In [None]:
import numpy as np
import pandas as pd
import blindat as bd

Create a `pandas.DataFrame()` with four columns of random data:


In [None]:
# data params
COLUMNS = ["A", "B", "C", "D"]
NUM_ROWS = int(1e7)
DATA_SEED = 19421127

# generate data
np.random.seed(DATA_SEED)
data = np.random.rand(NUM_ROWS, len(COLUMNS))
df = pd.DataFrame(data, columns=COLUMNS)

df.head()

### `generate_rules()`

Rules are defined by a specification that describes which columns to blind using a linear transform: `blinded_data = scale * data + offset`.  

The `offset` and `scale` parameters can be fixed or randomly sampled from a given range.  Randomness ensures the transform is not known to the user.

The simplest way to specify rules is with a column name (or a list of names) and global ranges for `offset` and/or `scale`.

In [None]:
# list of columns with global offset and scale ranges
rules = bd.generate_rules("A", offset=(10.0, 20.0), random_seed=42)

### `inspect()`

You shouldn't be looking at the rule parameters.  But maybe you have a legit reason, in which case, use `inspect()`.

In [None]:
bd.inspect(rules)

It's not necessary to save the rules because they can be recreated by fixing the `random_seed`.  But if you really want to store them, consider using `dill` (regular pickling doesn't work with lambda functions).  Or you could save the output of `inspect()`.


###  `blind()`

In [None]:
# blind data
df1 = bd.blind(df, rules)
df1.head()

### `@obfuscate`

If an experiment generates many different data files, it might be convenient to develop a custom class with methods for accessing each component.
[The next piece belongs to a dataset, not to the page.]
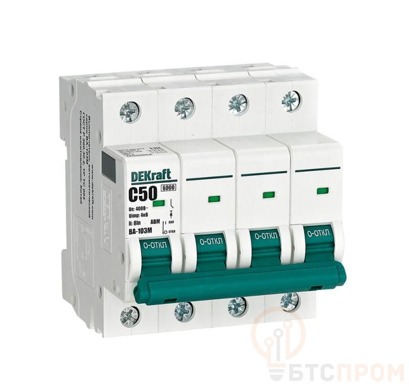 Автоматический выключатель без теплозащиты серии ВА-103M Dekraft; 4P; ном. ток 50 А; ном. раб. напряжение 400 В; кривая отключения C. Автоматические выключатели серии ВА-103М имеют специальное назначение для систем противопожарной защиты и вентиляции и выдерживают ток КЗ до 6000 А. Также они могут использоваться для нечастых оперативных включений и отключений указанных цепей. Автоматические выключатели соответствуют директиве RoHS, имеют расширенный диапазон рабочих температур от -25 до +60 °C, удобны и безопасны в эксплуатации.

The decorator `@obfuscate` adds blinding to functions or methods that return a pandas DataFrame as the first or only result.  The method must accept the keyword argument `transform` (or `**kwargs`).

In [None]:
from blindat import obfuscate


class MeasurementData:
    def __init__(self, path=None):
        self.path = path  # path to data directory
        self._sim()

    def _sim(self):
        np.random.seed(DATA_SEED)
        self._columns = COLUMNS
        self._data = np.random.rand(NUM_ROWS, len(self._columns))

    @obfuscate
    def load_dataframe(self, transform=None):
        df = pd.DataFrame(self._data, columns=self._columns)
        return df


# initialize
measurement = MeasurementData()

In [None]:
# load dataframe
measurement.load_dataframe(transform=rules).head()

In [None]:
# original data
measurement.load_dataframe().head()

This example requires the user to explicitly opt-in to blinding their data (zen of python #2).  

For consistency and to save the user a little effort you could include a `default_rules()` function in your data-access module.  This might be appropriate if columns with certain names always have similar values and should always be blinded.

In [None]:
# in your data access module
DEFAULT_SPECIFICATION = {
    "A": {"offset": (10.0, 20.0), "scale": (0.9, 1.1)},
}


def default_rules(random_seed=None):
    return bd.generate_rules(DEFAULT_SPECIFICATION, random_seed=random_seed)


# in your analysis notebook
measurement.load_dataframe(transform=default_rules(42)).head()

Alternatively, one could hard-code rules into a data-access class.  However, forgetting about this could be disastrous! Consider using an unambiguously named subclass and/or warnings.

In [None]:
import warnings
from blindat import blind


class BlindData(MeasurementData):
    def __init__(self, *args, random_seed=None, **kwargs):
        super().__init__(*args, **kwargs)
        self._rules = default_rules(random_seed)

    def _secret_data(self):
        return super().load_dataframe()

    def load_dataframe(self):
        warnings.warn("data may be altered to mitigate experimenter bias.")
        return blind(self._secret_data(), rules=self._rules)


blind_data = BlindData(random_seed=42)

# blind by default
blind_data.load_dataframe().head()